NYTW Panel #4 tonight

The fourth and final New York Theatre Workshop panel is tonight. I myself won't be going. (I'll be a few blocks away at Stuff Happens, as it happens.) But if you go, please do share your opinions and observations in Comments here.

Here's tonight's details:

The "C Word": Is Contextualizing A Work of Art Essential to its Reception?
Can a work of art stand on its own? Is knowing the historical, cultural, political, and social background of the artwork important to deepening understanding? Dramaturgs and educational leaders present highly different views on the subject.
Participants: Mark Bly (Senior Dramaturg, Arena Stage, Washington, D.C.), Jayme Koszyn (President/Founder, Jayme Koszyn Consulting), Michael Lupu (Senior Dramaturg, Guthrie Theatre, Minneapolis)
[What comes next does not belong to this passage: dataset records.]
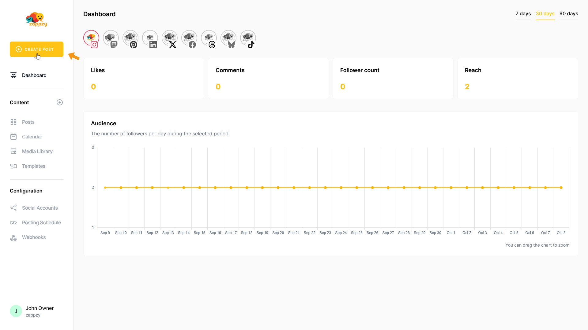 Once you're logged in to zappzy, you'll see an orange CREATE POST button in the left menu. Click on it.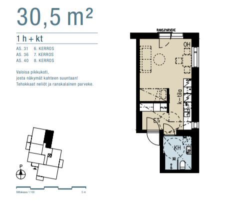 | Huoneistoselitelmä | 1h, kt, alkovi, ranskalainen parveke |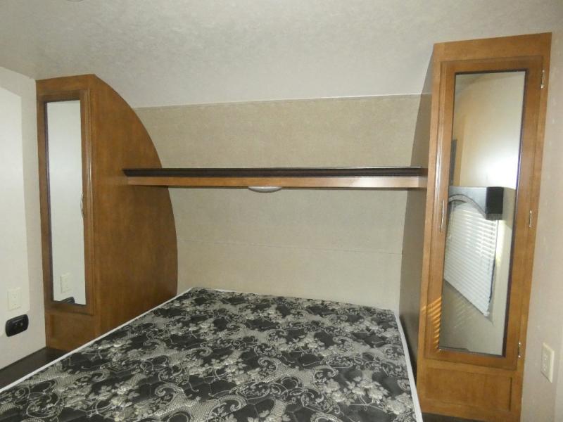 The front bedroom includes a walk around queen bed with a wardrobe on each side and overhead cabinets.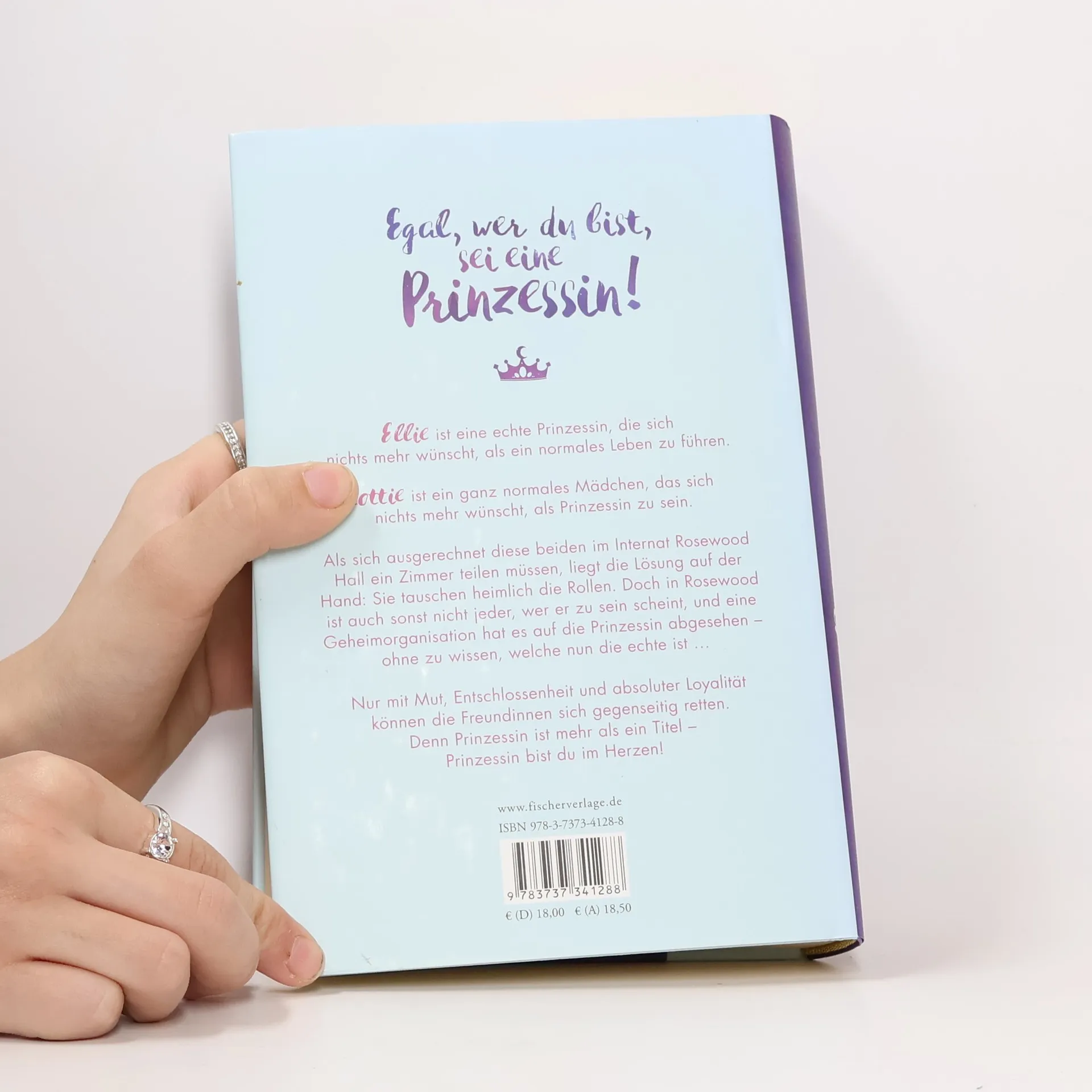 »Ich wollte immer nur eins: keine Prinzessin mehr sein. Und dann lande ich in einem Zimmer mit einem Mädchen, das von Prinzessinnen besessen ist!« Ellie ist eine echte Prinzessin, die sich nichts mehr wünscht, als ein normales Leben zu führen. Lottie ist ein ganz normales Mädchen, das sich nichts mehr wünscht, als Prinzessin zu sein. Als sich ausgerechnet diese beiden im Internat Rosewood Hall ein Zimmer teilen müssen, liegt die Lösung auf der Hand: Sie tauschen heimlich die Rollen. Doch in Rosewood ist auch sonst nicht jeder, wer er zu sein scheint, und eine Geheimorganisation hat es auf die Prinzessin abgesehen – ohne zu wissen, welche nun die echte ist ... Nur mit Mut, Entschlossenheit und absoluter Loyalität können die Freundinnen sich gegenseitig retten. Denn Prinzessin ist mehr als ein Titel – Prinzessin bist du im Herzen!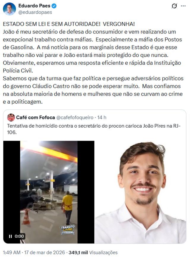 O caso ocorre em meio a tensões políticas entre o prefeito do Rio, Eduardo Paes (PSD), e o governador do estado, Cláudio Castro (PL). Paes afirmou, nas redes sociais, que o secretário tem atuado no combate à chamada "máfia dos postos de gasolina" e cobrou uma resposta rápida das autoridades.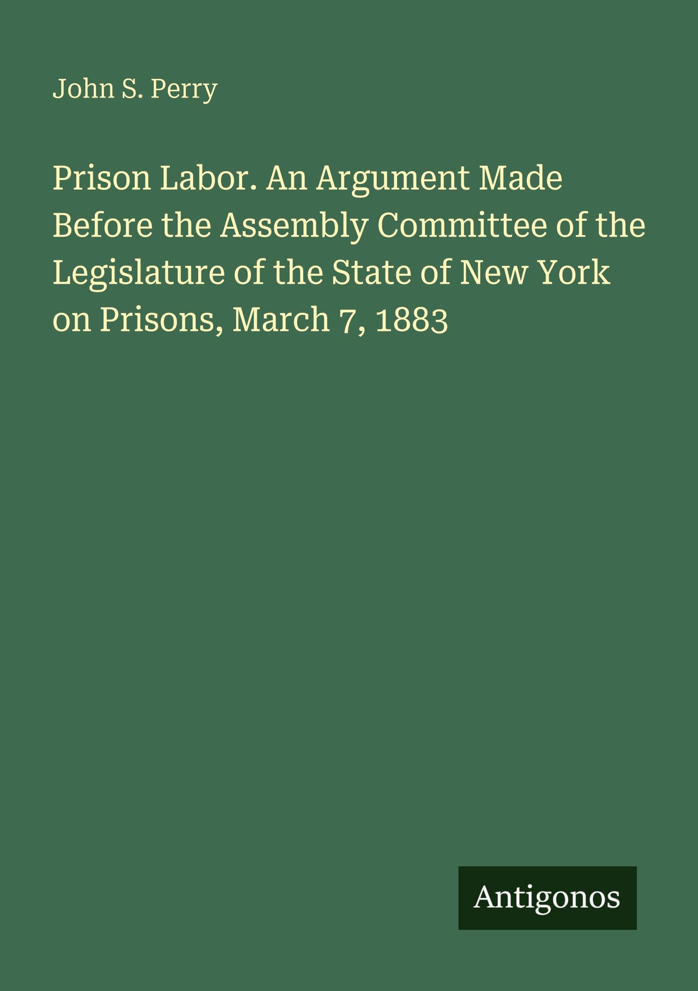 Prison Labor. An Argument Made Before the Assembly Committee of the Legislature of the State of New York on Prisons, March 7, 1883

Moderator: Karen Newman, Professor of English Literature, New York University


Hm, "C-Word." Where have I heard that phrase recently...

Seriously, the chance to see Mark Bly alone is worth any dramaturg's time. I'll be especially curious what he has to say. Then again, as dramaturgs I expect all these folks to defend all kinds of "context" since that's what dramaturg's do! But dramaturgs should also know better than anyone that all their painstaking contextual work is routinely tossed aside by an indifferent director or playwright. And you learn to live with that. Your research is always in service of the play and the production.

Here's a good index card question for anyone who wants it: In your experiences, would you say "My Name is Rachel Corrie" is the first play ever put off for more dramaturgy?


In my account of last night, I naturally realize I left out a lot. (And see the previous comments here for some perspectives taking issue with my own.) Let me add some quick addendums while they're still fresh.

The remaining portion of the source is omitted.